Quote from: Paul Mitchell
Anything Else We Should Know
 Climbing is an art,sometimes a transcendental art.It is best performed as dance,or as near dance as you can.

 If you can't do the move,then become the person who CAN do the move.
 Have a read of Paul Reps' book Zen Flesh,Zen Bones,or anything by Thich Nat Han.

 The Tao of Physics by Fritjof Capra is also worth a read,as is Letting Go(of the person you used to be),by Surya Das.Colin Mortlock's Beyond Adventure is worth a read.

 Some crags should have the occasional route name written on a notice on a post near the start of the route,to help find the blighters.

 TO THE CRITICS:Some people on this site seem to think their criticisms/nagging are going to change the way I climb.Think on.Issuing fatwas to name and shame me
 just shows how conformist and anal some people can be.
 British climbing as yet has no legal written rules,and long may it stay that way.
 GRADES:Yes,grade debates can be pretty boring,but my chief concern is to let people know my opinion,which is intended to keep them away from routes that may be too hard for them.You may swear blind something is VS and I will insist it's hvs.No point in saying that ''everyone'' disagrees with me.

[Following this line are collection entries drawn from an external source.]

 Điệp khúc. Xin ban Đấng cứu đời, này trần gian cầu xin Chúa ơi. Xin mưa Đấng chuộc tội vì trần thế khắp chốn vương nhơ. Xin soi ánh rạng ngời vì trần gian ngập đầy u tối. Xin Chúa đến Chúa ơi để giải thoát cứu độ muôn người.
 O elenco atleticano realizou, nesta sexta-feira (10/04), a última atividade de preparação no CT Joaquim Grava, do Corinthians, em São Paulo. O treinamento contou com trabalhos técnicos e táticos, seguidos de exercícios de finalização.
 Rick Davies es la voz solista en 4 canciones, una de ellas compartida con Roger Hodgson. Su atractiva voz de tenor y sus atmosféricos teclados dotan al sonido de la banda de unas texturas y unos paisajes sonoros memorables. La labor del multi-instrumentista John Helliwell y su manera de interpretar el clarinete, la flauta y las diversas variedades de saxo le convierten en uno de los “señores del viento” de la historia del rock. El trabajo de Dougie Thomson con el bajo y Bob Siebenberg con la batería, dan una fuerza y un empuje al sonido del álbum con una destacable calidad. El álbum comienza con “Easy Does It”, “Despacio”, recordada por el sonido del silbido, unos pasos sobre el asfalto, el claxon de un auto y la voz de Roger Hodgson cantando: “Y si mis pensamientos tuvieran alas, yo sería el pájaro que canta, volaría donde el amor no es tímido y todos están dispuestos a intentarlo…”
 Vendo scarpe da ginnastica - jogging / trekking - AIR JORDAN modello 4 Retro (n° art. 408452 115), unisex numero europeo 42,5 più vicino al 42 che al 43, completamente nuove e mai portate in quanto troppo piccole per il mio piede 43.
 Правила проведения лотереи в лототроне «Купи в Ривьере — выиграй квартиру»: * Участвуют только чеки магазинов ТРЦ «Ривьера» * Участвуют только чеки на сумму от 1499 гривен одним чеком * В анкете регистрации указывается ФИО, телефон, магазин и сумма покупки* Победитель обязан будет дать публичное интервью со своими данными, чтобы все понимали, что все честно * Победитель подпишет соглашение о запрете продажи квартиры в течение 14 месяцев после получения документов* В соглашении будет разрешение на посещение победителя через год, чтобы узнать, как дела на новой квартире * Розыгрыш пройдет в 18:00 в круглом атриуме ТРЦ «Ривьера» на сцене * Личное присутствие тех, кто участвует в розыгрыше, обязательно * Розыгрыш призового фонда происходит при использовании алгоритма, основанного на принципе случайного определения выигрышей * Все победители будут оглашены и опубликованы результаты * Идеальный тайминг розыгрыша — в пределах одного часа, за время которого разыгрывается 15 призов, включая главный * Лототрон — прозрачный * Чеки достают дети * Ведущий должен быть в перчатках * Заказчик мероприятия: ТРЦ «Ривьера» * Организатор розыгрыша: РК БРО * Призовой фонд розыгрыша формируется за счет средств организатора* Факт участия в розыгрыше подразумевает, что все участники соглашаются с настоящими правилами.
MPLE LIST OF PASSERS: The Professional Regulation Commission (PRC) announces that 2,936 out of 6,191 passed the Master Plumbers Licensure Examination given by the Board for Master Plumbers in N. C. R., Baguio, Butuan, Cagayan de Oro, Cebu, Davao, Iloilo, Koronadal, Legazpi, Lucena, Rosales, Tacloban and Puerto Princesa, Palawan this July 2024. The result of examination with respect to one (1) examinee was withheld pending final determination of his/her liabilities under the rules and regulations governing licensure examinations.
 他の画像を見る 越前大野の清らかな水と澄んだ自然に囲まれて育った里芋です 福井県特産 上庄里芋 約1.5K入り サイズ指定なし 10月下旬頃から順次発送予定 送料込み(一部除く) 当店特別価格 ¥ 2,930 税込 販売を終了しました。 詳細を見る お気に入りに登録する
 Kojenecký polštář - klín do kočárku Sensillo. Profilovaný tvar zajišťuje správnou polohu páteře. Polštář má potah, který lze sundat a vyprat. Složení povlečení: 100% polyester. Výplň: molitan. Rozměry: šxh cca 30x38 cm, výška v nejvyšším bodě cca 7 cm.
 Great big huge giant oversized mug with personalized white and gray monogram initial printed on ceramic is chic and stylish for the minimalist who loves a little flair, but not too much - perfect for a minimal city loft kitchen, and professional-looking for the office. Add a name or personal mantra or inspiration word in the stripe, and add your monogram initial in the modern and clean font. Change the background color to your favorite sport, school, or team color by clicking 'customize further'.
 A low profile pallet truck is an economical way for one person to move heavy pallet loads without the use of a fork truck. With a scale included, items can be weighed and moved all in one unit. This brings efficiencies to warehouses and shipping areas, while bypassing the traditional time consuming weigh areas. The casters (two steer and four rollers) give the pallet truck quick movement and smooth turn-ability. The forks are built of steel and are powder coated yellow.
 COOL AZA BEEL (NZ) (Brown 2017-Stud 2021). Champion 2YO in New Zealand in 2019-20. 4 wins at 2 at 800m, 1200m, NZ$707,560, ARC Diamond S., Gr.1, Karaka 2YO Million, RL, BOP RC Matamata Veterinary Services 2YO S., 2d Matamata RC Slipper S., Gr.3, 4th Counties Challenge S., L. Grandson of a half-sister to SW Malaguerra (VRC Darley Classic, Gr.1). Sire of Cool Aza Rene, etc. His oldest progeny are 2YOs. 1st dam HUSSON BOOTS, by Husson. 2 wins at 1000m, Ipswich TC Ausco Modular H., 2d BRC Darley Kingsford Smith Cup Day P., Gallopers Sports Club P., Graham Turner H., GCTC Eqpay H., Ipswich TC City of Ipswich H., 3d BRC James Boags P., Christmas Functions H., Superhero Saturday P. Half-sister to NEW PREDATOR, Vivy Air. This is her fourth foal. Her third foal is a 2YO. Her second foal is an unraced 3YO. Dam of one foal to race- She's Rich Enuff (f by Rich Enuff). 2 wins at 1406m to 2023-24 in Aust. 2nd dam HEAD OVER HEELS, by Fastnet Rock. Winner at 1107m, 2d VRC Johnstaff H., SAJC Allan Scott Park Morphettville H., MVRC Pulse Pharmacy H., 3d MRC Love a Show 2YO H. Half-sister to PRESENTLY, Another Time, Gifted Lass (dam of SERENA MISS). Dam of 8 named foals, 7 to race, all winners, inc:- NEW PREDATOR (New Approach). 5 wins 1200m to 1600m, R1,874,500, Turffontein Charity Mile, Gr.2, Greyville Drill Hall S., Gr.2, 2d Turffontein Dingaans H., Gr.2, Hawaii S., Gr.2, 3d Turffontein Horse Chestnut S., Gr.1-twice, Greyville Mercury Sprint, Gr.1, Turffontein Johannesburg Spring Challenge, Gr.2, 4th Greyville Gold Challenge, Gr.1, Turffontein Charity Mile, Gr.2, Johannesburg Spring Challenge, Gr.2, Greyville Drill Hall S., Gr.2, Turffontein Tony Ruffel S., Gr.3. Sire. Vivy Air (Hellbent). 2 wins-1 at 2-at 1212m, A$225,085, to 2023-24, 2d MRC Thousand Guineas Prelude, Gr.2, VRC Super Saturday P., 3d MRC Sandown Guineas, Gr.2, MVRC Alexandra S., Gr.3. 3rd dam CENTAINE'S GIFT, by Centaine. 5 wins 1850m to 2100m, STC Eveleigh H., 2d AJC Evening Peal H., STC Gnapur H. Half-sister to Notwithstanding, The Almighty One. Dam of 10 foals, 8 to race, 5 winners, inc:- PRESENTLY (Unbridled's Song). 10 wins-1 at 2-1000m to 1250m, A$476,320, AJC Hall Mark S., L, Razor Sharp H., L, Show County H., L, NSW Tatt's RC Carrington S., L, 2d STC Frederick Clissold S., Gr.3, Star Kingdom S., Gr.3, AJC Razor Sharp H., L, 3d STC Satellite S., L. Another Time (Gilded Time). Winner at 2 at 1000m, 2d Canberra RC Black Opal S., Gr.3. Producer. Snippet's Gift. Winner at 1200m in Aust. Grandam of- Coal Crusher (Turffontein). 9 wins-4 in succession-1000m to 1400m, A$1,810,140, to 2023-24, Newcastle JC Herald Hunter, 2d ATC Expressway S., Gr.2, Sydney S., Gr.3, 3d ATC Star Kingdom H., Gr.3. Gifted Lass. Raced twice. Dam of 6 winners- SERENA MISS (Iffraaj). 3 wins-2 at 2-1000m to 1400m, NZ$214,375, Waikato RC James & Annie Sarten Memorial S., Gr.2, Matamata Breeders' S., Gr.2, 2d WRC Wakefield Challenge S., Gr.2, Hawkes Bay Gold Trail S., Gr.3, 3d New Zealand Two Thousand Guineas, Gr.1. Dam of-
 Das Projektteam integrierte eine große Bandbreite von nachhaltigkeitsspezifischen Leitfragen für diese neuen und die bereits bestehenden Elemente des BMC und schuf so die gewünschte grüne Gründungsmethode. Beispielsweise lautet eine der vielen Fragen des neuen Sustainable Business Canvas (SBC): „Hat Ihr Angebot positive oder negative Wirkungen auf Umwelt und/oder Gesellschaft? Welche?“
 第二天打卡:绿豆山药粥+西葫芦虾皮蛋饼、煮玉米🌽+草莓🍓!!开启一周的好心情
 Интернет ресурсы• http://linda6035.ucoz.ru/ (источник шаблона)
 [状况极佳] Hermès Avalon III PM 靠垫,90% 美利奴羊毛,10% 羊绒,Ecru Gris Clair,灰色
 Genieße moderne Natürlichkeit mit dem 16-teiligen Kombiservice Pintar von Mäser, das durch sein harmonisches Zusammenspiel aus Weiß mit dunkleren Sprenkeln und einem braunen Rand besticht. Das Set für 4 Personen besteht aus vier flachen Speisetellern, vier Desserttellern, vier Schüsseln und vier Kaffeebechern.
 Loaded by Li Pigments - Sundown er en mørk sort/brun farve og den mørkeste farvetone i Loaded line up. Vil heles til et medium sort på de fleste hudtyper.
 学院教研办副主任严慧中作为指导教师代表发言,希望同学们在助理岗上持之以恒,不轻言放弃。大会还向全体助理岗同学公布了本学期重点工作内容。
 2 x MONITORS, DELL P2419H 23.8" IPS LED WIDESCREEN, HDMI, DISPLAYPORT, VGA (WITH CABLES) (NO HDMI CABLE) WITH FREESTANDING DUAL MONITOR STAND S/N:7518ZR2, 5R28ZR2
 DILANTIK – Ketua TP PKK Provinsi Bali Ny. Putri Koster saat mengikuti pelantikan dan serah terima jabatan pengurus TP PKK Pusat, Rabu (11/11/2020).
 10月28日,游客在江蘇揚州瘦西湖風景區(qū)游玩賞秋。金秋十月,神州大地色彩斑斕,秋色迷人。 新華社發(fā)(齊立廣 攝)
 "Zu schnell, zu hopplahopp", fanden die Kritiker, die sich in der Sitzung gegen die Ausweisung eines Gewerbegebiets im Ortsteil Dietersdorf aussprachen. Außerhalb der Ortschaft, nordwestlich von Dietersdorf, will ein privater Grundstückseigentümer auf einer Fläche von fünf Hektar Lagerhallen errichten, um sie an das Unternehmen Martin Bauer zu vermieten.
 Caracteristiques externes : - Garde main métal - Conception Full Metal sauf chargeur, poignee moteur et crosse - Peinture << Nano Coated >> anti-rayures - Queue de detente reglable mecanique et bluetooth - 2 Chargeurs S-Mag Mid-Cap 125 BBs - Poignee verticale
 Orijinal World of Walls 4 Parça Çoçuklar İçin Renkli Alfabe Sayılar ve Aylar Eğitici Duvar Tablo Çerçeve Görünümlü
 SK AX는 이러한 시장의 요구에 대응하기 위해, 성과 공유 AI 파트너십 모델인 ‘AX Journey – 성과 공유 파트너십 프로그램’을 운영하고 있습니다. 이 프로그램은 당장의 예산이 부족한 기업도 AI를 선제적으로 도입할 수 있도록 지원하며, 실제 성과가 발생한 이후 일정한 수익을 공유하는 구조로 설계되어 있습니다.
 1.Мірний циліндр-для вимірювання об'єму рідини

 AGE:I know two older climbers who used to top rope and preplace a lot of hard routes in the E4/5 range,and they didn't care who knew it.I will not be naming them.They were two of the best climbers in their generation;both famous.Last year they failed to lead a hvs on Burbage,which I soloed;so ,yes,I am still competitive,despite being in my 6th decade.
 John Dewey said '' Neglect of context is the greatest single disaster which philosophic thinking can incur''.
 Being older and weaker means that I have to ''cheat'' to get up some routes.
 That is my business and none of yours,as long as I don't harm the rock.
 A few years ago I went to the SW to do Kafoozalem and two guys spent 6 hours working Kafoozalem,and wouldn't let me on the route.They didn't get halfway.That is their right.That's a lot worse than pre chalking a route.This is a rainy country and chalk soon washes off.Some people have a Pavlovian response of frothing at the mouth when they see a photo of my chalk.The photo may be permanent,but the chalk isn't.
 When I have the energy I will wipe it off.If there is no time,it will stay on.
 I like to try and get up a route in one day.Having to go back is a ball ache and is expensive in fuel ,effort and time,and does nothing to help global warming.If I want to pre chalk a route that is my business.I am coming up to 56.Few people my age do hard routes on sight.Many routes
 are plastered in chalk anyway;so what if I add a bit more?Ask yourself why you feel the need to have a go at me.What does that say about you?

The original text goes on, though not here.